In the toy example above, we assumed that there were 2 states that the dog could be in, and each was associated with a different emission probability distribution. For stock returns, we will assume that there are 3 states:

Normal - This will be the case the majority of the time, characterized by a Gaussian distribution.
Relief - This will be a rare case, where large gains are made, characterized by a Pareto distribution. (I originally called this “euphoria”, but as we see below it usually happens during a pull back after a panic).
Panic - Another rare case, were large losses are made, characterized by a Pareto distribution.

Many people are familiar with the Gaussian Distribution, the classic “bell curve” with a mean and standard deviation. Fewer are aware of the Pareto distribution, though we might have heard of the 80/20 rule that inspired it. I’m using it here as it is suggested by Nassim Taleb in his Technical Incerto. It is a distribution with fat tails, with the following probability density function (pdf):

\[ P(X > x) = \begin{cases} \frac{\alpha k^{\alpha}}{x^{(\alpha + 1)}} & \text{for } x \geq k, \\ 0 & \text{for } x < k. \end{cases} \]

Where:

\(\alpha > 0\) is the shape parameter, determining the thickness of the tails, where a lower value means thicker tails.
\(k > 0\) is the scale parameter, setting the minimum value for the distribution.

An interesting interpretation of the scale parameter is as follows. Say the populations of our cities are Pareto-distributed with \(\alpha=2\).
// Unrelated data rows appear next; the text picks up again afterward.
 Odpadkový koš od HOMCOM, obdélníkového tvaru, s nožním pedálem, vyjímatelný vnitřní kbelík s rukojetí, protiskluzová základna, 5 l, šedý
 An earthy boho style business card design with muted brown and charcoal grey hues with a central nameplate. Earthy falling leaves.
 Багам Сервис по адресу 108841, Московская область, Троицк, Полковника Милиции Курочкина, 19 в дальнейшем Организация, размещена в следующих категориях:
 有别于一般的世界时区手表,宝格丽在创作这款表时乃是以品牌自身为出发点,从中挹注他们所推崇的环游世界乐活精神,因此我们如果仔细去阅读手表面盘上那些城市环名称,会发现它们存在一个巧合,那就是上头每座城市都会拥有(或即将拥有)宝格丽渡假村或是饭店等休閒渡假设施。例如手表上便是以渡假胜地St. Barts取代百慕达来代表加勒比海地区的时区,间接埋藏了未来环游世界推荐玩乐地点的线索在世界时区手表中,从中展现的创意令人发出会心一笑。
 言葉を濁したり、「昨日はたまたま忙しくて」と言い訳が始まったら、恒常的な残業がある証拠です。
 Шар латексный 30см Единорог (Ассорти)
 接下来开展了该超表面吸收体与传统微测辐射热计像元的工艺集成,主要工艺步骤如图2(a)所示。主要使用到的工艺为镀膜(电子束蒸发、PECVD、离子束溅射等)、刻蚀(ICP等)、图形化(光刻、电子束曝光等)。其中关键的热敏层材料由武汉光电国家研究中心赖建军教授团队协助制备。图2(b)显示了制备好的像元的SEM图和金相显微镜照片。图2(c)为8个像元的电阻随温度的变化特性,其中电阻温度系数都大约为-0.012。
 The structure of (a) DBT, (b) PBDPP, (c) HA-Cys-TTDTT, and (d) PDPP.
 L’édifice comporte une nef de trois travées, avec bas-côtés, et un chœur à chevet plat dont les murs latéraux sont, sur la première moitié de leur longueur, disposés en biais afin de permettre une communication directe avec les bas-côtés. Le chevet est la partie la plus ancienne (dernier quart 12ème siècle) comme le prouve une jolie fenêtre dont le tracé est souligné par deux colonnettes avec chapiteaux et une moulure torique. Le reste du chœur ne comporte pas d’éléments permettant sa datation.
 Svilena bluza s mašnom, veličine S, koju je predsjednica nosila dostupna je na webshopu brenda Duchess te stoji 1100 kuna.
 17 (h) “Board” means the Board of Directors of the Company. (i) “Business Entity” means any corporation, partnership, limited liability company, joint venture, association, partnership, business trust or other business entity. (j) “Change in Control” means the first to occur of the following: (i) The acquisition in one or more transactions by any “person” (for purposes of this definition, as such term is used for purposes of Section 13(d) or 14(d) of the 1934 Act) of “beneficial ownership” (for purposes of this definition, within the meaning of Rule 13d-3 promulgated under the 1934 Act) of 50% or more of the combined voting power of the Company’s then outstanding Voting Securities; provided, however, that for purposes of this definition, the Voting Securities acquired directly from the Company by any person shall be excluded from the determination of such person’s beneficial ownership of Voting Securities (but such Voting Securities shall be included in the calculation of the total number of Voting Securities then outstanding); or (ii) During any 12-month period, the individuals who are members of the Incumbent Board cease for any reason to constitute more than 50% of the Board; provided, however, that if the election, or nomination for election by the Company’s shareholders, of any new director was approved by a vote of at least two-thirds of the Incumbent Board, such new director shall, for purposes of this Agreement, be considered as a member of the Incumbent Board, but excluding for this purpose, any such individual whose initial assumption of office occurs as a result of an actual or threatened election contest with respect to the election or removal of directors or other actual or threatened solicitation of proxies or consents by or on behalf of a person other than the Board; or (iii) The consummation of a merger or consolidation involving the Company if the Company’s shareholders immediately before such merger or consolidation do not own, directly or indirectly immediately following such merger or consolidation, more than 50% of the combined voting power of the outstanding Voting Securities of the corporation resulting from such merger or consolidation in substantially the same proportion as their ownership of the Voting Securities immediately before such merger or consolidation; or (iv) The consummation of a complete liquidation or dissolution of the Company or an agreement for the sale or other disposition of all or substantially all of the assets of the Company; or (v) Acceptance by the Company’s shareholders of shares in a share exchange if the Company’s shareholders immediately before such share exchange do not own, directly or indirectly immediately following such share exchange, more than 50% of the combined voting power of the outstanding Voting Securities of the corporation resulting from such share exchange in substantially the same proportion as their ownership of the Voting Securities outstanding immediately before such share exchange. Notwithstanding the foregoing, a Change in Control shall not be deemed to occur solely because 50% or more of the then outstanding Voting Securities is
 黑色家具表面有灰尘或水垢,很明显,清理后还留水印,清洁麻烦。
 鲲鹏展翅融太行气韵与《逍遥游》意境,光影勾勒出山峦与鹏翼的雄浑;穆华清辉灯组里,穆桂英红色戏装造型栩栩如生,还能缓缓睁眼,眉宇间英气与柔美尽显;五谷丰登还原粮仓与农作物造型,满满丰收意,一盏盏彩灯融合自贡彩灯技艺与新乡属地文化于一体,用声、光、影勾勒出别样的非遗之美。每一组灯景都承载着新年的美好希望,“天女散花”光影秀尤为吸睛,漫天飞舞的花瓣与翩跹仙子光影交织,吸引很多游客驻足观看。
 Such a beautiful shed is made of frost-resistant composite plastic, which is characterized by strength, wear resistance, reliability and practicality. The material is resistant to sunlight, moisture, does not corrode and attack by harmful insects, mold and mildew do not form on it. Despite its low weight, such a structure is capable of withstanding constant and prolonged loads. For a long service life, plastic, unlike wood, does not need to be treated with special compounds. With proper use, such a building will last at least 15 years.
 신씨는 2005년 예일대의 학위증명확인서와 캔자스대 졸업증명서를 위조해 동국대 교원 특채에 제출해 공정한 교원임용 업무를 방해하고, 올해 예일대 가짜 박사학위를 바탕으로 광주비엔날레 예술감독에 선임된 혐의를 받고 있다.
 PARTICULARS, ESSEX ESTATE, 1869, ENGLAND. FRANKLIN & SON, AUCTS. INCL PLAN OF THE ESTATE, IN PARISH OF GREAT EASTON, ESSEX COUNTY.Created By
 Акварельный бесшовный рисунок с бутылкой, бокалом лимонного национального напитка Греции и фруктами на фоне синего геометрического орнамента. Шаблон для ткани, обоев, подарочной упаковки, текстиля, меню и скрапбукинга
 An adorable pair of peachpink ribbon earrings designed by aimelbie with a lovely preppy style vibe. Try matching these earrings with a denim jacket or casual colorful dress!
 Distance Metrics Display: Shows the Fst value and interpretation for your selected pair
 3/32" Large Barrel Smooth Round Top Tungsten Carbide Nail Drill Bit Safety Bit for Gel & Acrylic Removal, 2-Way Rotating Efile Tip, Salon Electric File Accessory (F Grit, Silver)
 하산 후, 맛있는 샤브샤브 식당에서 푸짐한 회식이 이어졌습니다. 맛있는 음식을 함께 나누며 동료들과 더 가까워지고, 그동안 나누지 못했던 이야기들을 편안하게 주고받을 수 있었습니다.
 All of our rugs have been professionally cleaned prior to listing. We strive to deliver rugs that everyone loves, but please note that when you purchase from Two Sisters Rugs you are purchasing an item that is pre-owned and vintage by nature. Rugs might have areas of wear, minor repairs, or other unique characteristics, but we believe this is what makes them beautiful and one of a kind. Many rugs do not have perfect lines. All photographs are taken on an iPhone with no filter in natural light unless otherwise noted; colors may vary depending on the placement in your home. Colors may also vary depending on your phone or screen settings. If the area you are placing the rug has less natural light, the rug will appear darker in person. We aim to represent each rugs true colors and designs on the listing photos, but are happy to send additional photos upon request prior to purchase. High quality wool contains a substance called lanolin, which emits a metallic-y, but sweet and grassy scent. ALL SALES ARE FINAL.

If there is a 10% probability that a city has a population greater than 10 million, then the probability that there are more than twice that number (i.e. more than 20 million) would be a \(10\% \times (1/2)^\alpha = 10\% \times (1/2)^2 = 2.5\%\).

Code

alpha = 3 
k = 1

x = np.linspace(k, 4, 100)
pdf = stats.pareto.pdf(x, alpha, loc=0, scale=k) 

fig, ax = plt.subplots()
plt.plot(x, pdf, label=f'α={alpha}, k={k}')

sns.despine(left=True, bottom=True, top=True, right=True)
plt.legend(frameon=False)
plt.xlabel("x")
plt.ylabel("probability_density")
ax.set_yticks([])
ax.set_yticklabels([])
plt.xlim([1, 4])
plt.show()

Probability Density Function for Generic Pareto Distribution. — Figure 5: Probability Density Function for Generic Pareto Distribution

Model Fitting

The general approach to fitting the model will be Maximum Likelihood Estimation (MLE). However, we are fitting 2 models which interact with each other, not just one. So, to allow ourselves to do that we will use dynamic programming, following a general algorithm like this:

Start with assumed transition probability distribution and emission probability distributions.
Given the transition probability, find the optimal parameters of the emission probability distributions to fit the data through MLE.
Given the updated emission probability distributions, find the optimal transition probabilities using the forward-backward algorithm.
Repeat steps 2. and 3. until convergence.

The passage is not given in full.